• _Given material_:
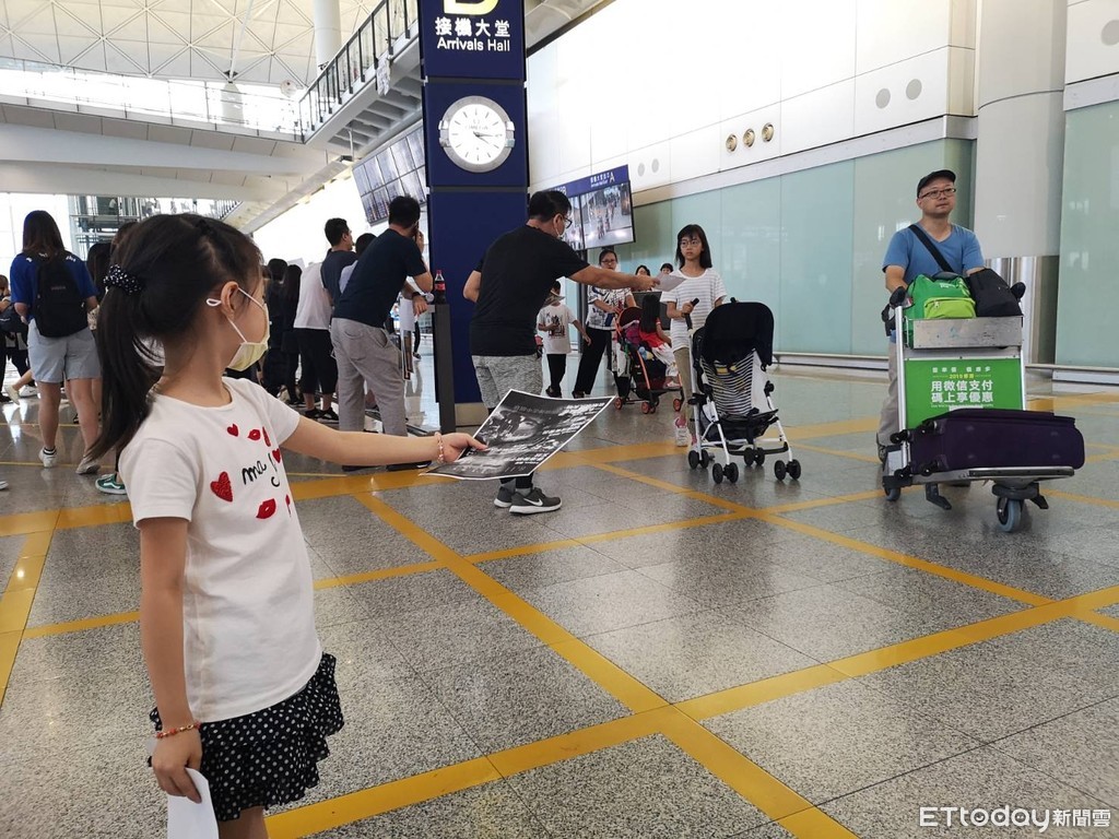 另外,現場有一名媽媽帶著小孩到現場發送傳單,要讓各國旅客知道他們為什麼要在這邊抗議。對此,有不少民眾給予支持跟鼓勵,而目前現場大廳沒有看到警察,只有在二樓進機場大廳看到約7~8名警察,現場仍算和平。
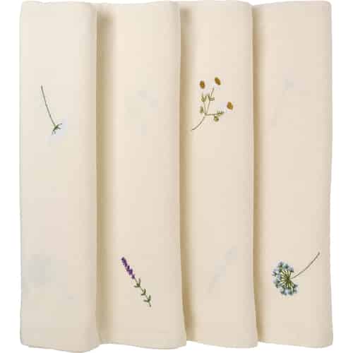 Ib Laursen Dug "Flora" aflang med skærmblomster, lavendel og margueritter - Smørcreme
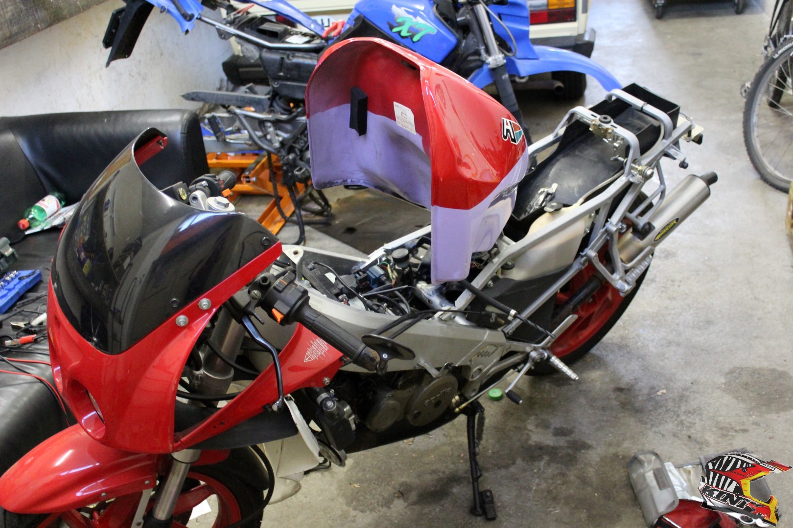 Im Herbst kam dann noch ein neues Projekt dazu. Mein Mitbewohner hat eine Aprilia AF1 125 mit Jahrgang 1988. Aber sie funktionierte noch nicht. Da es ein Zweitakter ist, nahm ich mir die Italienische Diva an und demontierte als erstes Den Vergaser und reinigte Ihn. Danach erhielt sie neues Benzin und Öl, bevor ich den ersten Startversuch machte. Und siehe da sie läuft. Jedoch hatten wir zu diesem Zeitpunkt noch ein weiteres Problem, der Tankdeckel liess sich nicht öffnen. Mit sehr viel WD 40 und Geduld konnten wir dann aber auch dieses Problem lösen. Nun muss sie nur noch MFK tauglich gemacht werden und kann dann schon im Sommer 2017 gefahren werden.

• _Action item_: Write out the material above exactly, and omit the pictures it holds.

• _Task solution_:
 另外,現場有一名媽媽帶著小孩到現場發送傳單,要讓各國旅客知道他們為什麼要在這邊抗議。對此,有不少民眾給予支持跟鼓勵,而目前現場大廳沒有看到警察,只有在二樓進機場大廳看到約7~8名警察,現場仍算和平。
 Ib Laursen Dug "Flora" aflang med skærmblomster, lavendel og margueritter - Smørcreme
 Im Herbst kam dann noch ein neues Projekt dazu. Mein Mitbewohner hat eine Aprilia AF1 125 mit Jahrgang 1988. Aber sie funktionierte noch nicht. Da es ein Zweitakter ist, nahm ich mir die Italienische Diva an und demontierte als erstes Den Vergaser und reinigte Ihn. Danach erhielt sie neues Benzin und Öl, bevor ich den ersten Startversuch machte. Und siehe da sie läuft. Jedoch hatten wir zu diesem Zeitpunkt noch ein weiteres Problem, der Tankdeckel liess sich nicht öffnen. Mit sehr viel WD 40 und Geduld konnten wir dann aber auch dieses Problem lösen. Nun muss sie nur noch MFK tauglich gemacht werden und kann dann schon im Sommer 2017 gefahren werden.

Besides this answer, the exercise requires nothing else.